Previous research has demonstrated that healthy elderly adults are less affected by counterfactual outcomes (Brassen et al., 2012) and actually utilize decision making strategies that don’t rely on reward predictions, such as win-stay-lose-shift (Worthy & Maddox, 2012). The results of the model fitting shows that elderly adults SSIT performance was more likely to be guided by reward predictions than a strategy that doesn’t utilize reward predictions. Furthermore, the FPEQ model results indicate that counterfactual gains and losses significantly impacted reward predictions and decision making in both age groups. Three independent tests that penalize a model for free parameters verified that the FPEQ model fit the data better than the StdQ model (as well as a model-based Q and win-stay-lose-shift Q model; see Table 1 for model fits and Appendix A for model details).

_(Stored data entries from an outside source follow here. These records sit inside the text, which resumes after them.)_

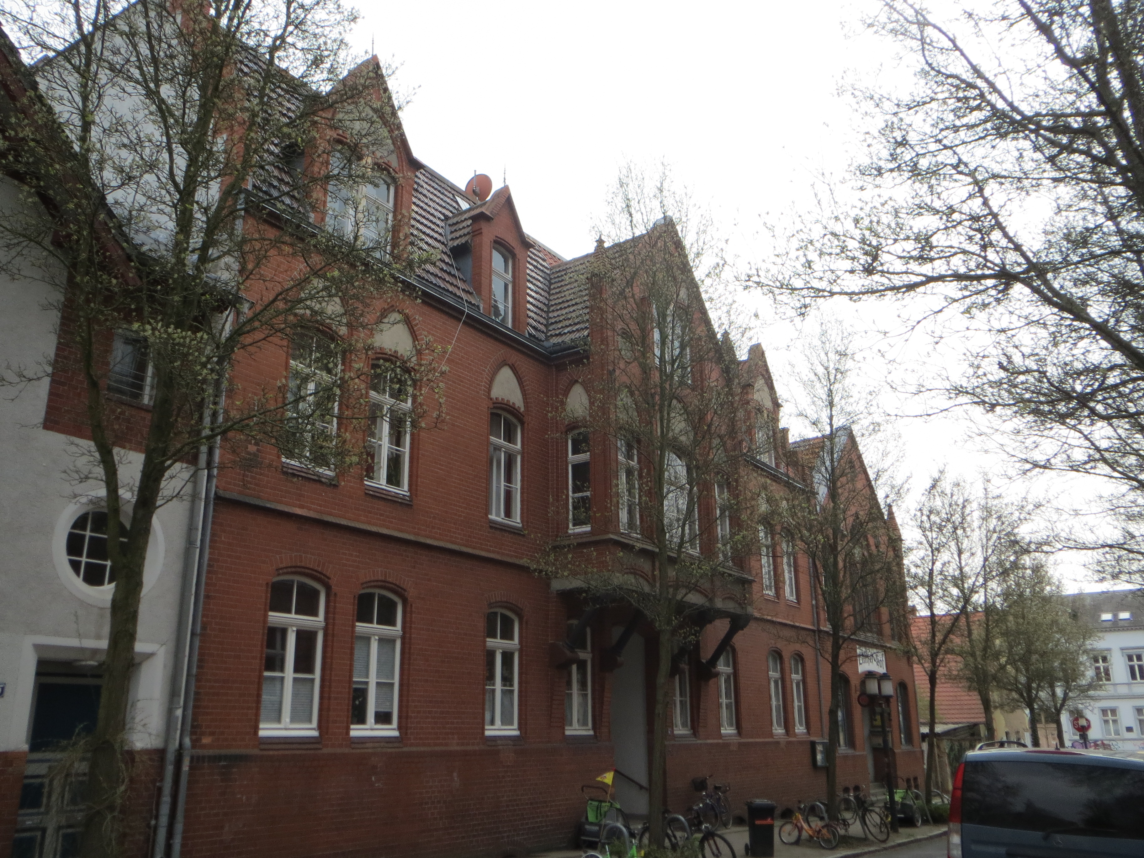 Lutherhof, Martin-Luther-Str. 8, Greifswald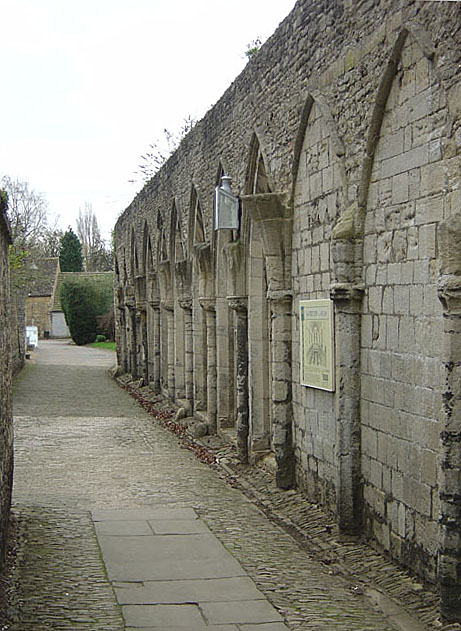 Arcade of the monks' refectory. This is the view looking in the opposite direction to 671319. The arcade formed part of the west wall of the refectory, so this open passage would have been within the hall. This is the only part of the outer abbey buildings which has any sort of information panel.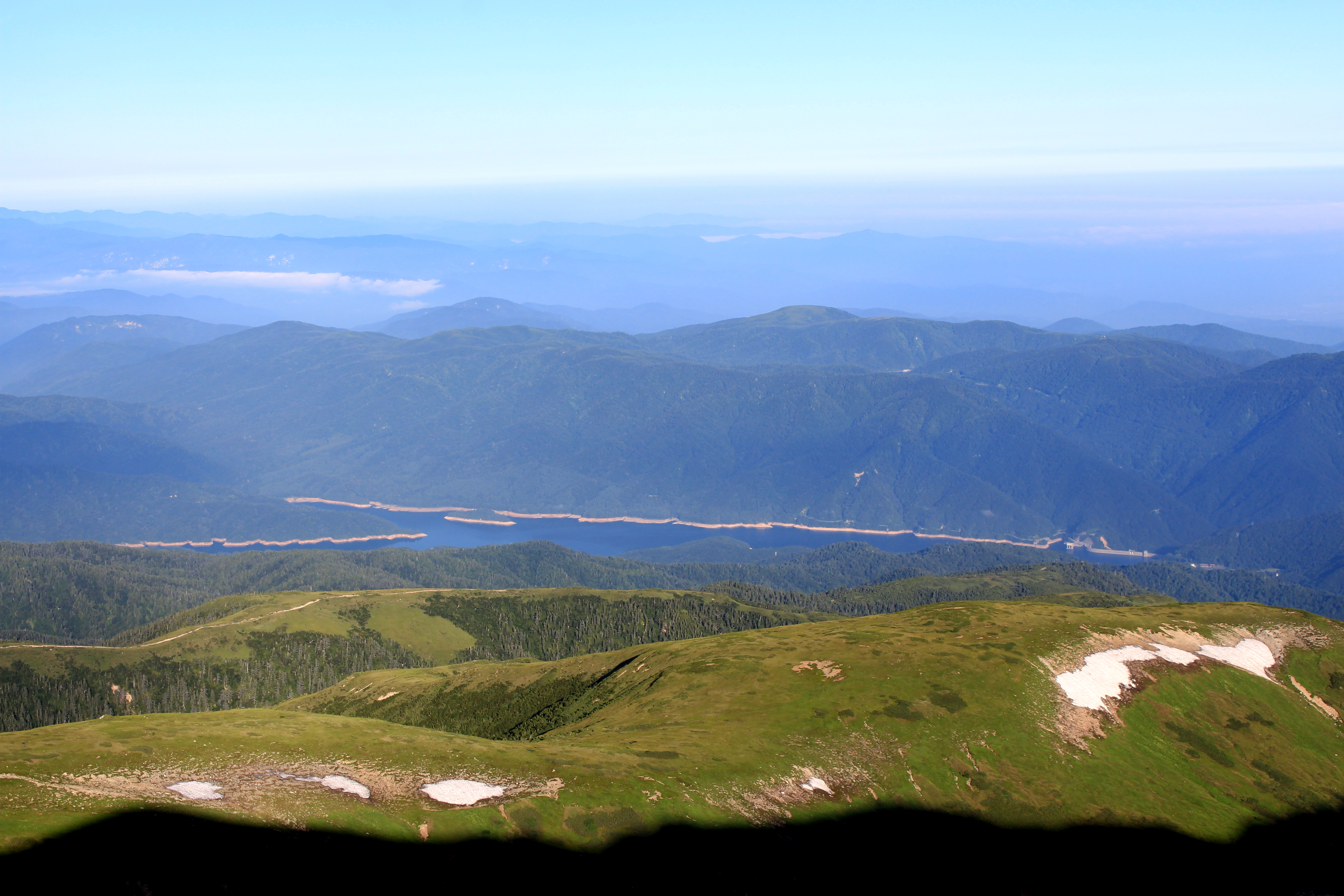 Lake Arimine seen from Mount Yakushi, in Toyama, Toyama prefecture, Japan.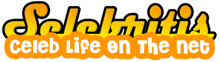 This is logo for Infotainment site's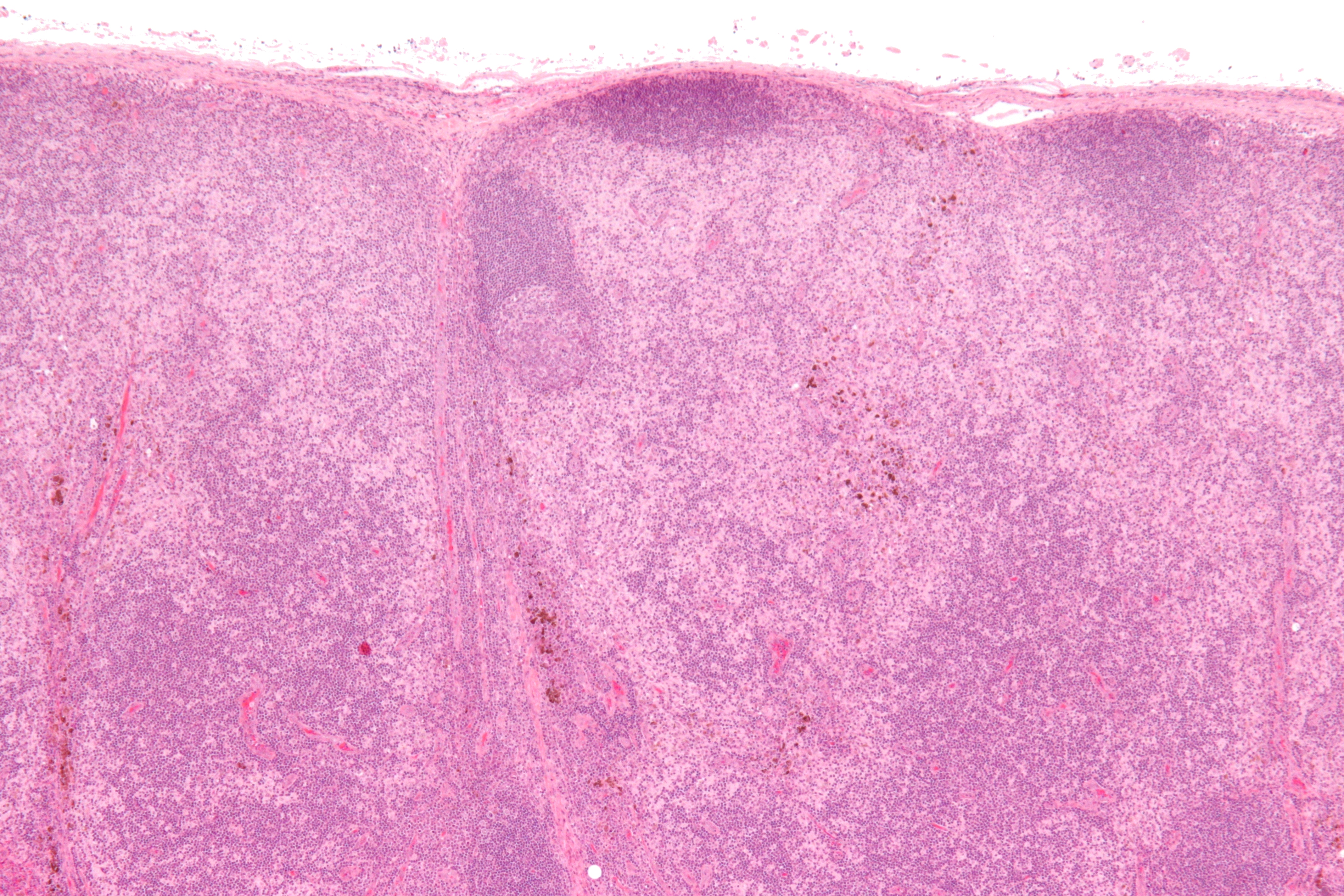 Low magnification micrograph of dermatopathic lymphadenopathy, also dermatopathic lymphadenitis. H&E stain. Features: Paracortical (sinus) histiocytosis. Melanin pigment. Using special stains one can demonstrate abundant interdigitating dendritic cells (S100 positive, CD1a negative) and Langerhans cells (S100 positive, CD1a positive). Related images Very low mag. Intermed. mag. High mag. Very high mag.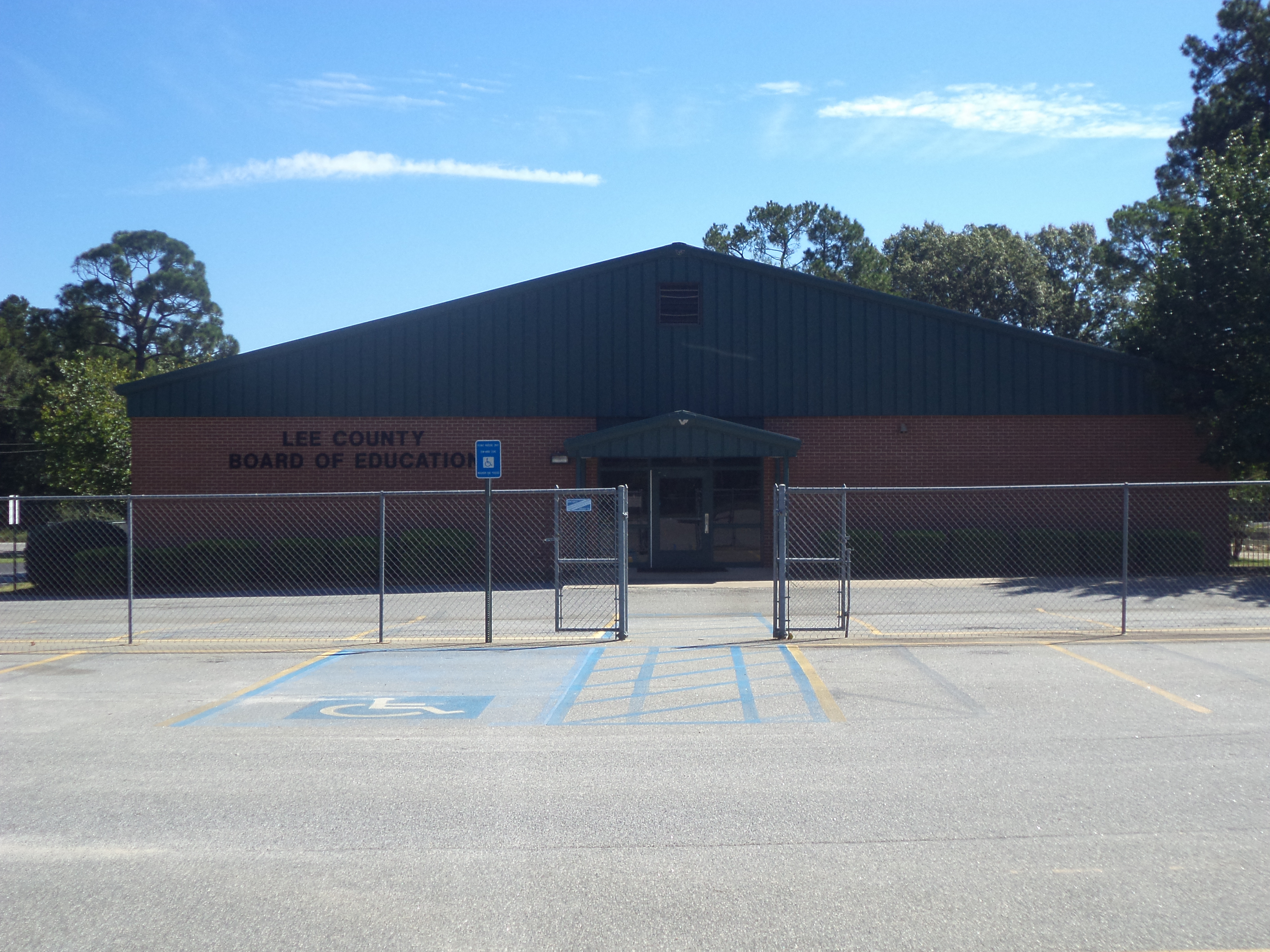 Lee County Board of Education, Leesburg, Lee County, Georgia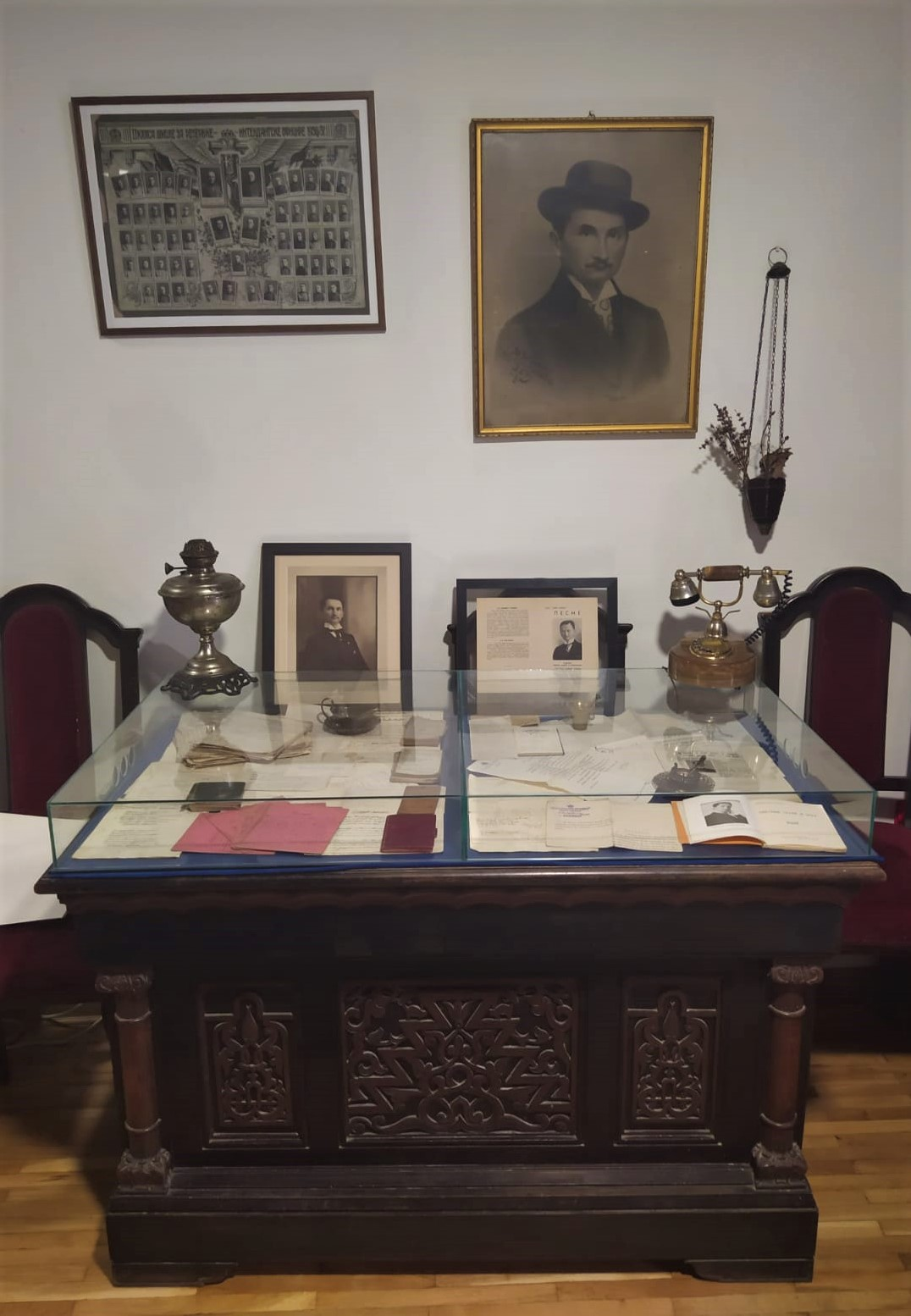 Legacy of Vojislav Ilić Mlađi in the Society for Culture, Art and International Cooperation Adligat in Belgrade, Serbia. Српски (ћирилица): Део легата Војислава Илића Млађег, његов сто, фотографије, белешке, рукописи. Легат се налази у Удружењу за културу, уметност и међународну сарадњу „Адлигат” у Београду.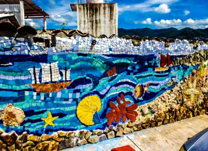 Mosaico en barrio de Petaquillas, Acapulco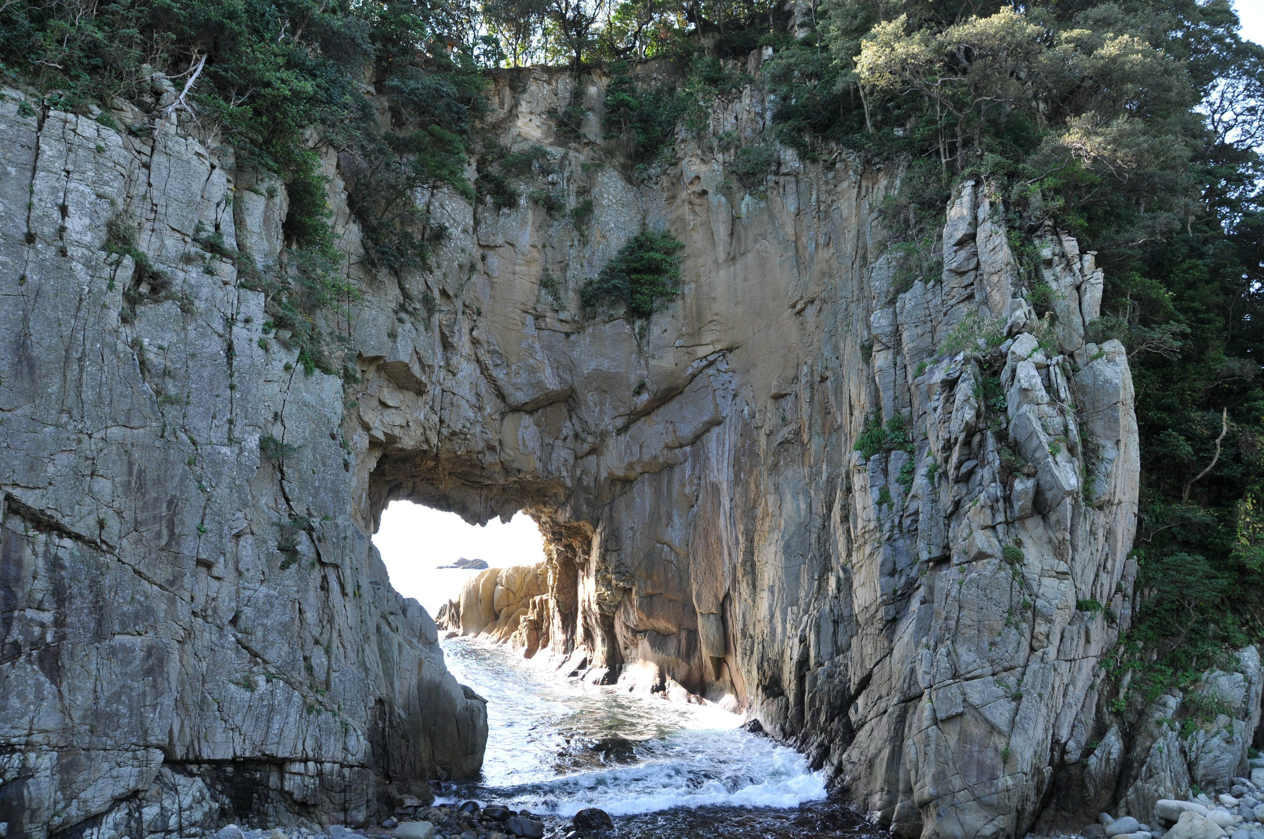 Hakusan-dōmon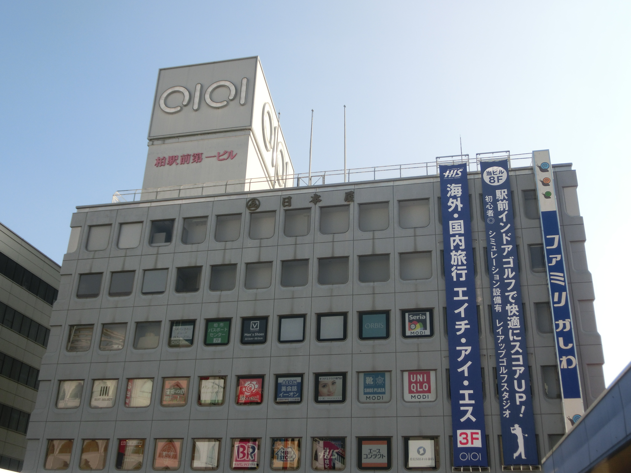 Family Kashiwa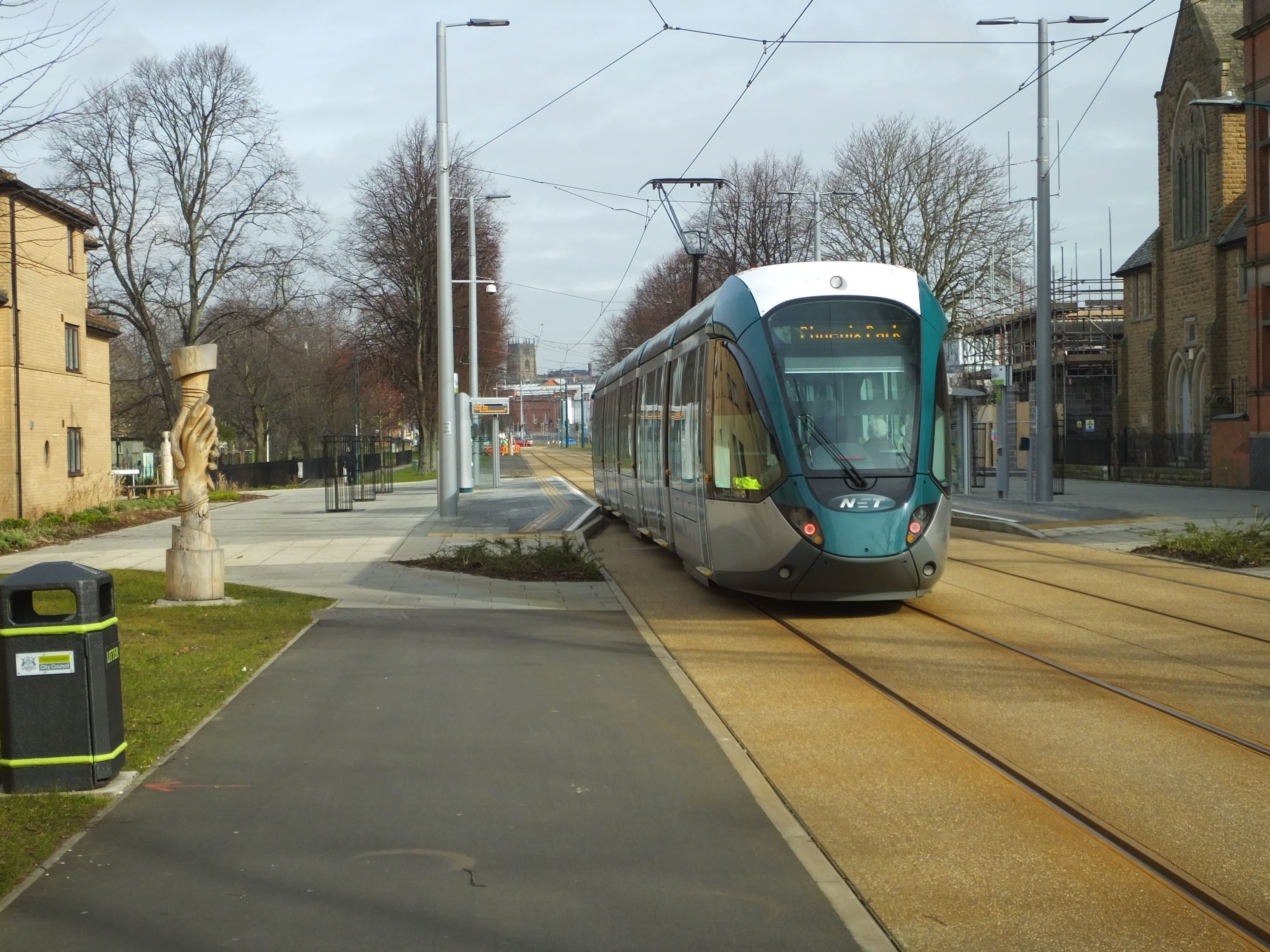 The Meadows, Nottingham (NG2) is a large Radburn style housing estate, south of the castle in Nottingham.

The StdQ model nested the FPEQ model such that the models are equivalent if the fictive prediction errors fail to make a contribution (learning rate parameters are 0). As such, any improvement in model fit can be attributed to incorporating fictive prediction errors, and the significant improvement identified by three separate tests emphasizes the importance of counterfactual information for generating reward predictions in accounting for SSIT performance.

Our results also show that elderly adults are significantly more sensitive to counterfactual gains than young adults, which may account for performance differences between the age groups. The elderly group weighted counterfactual gains significantly more than the young adults, but there was no group difference for counterfactual losses. The larger learning rate for counterfactual gains by the elderly means that the expected values of disadvantageous LR investments are disproportionately increased compared to the young adults. At the same time that counterfactual gains increase values for LR investments (i.e., any losing trial with an investment greater than 0), the expected values of advantageous HR investments are unadjusted, thereby leading to a greater likelihood of overvaluing and choosing a nonlucrative path through the SSIT, as demonstrated by the elderly group in this study.

This finding seems in conflict with prior research showing healthy older adults are insensitive to counterfactual outcomes (Brassen et al., 2012). However, this difference is likely related to substantive differences in the paradigms between the current and previous research. In the current research, counterfactual outcomes are informative with respect to subsequent choices in that they clue participants to the true value of the decision path (i.e., choice-dependent task) allowing acquisition of reward predictions for actions not selected, whereas previous research employed a task with discrete trials whose outcome was irrelevant (i.e., choice-independent task) for future choice (Brassen et al., 2012). Thus, our findings are in agreement with Worthy and Maddox (2014) concerning choice-dependent and choice-independent tasks; when counterfactual prediction errors signals can be used for learning reward predictions to make choice-dependent decisions, elderly adults are indeed responsive. Furthermore, the incongruent findings between our results and Brassen and colleagues’ findings seem to indicate that elderly participants are insensitive in one context (choice-independent), and overly sensitive in another context (choice-dependent), to counterfactual gains and losses, and that in either case it is significantly different from the behavior of younger adults. This suggests that the aging system does not adapt optimally to either task context, and instead settles at extremes rather than an optimal intermediate state.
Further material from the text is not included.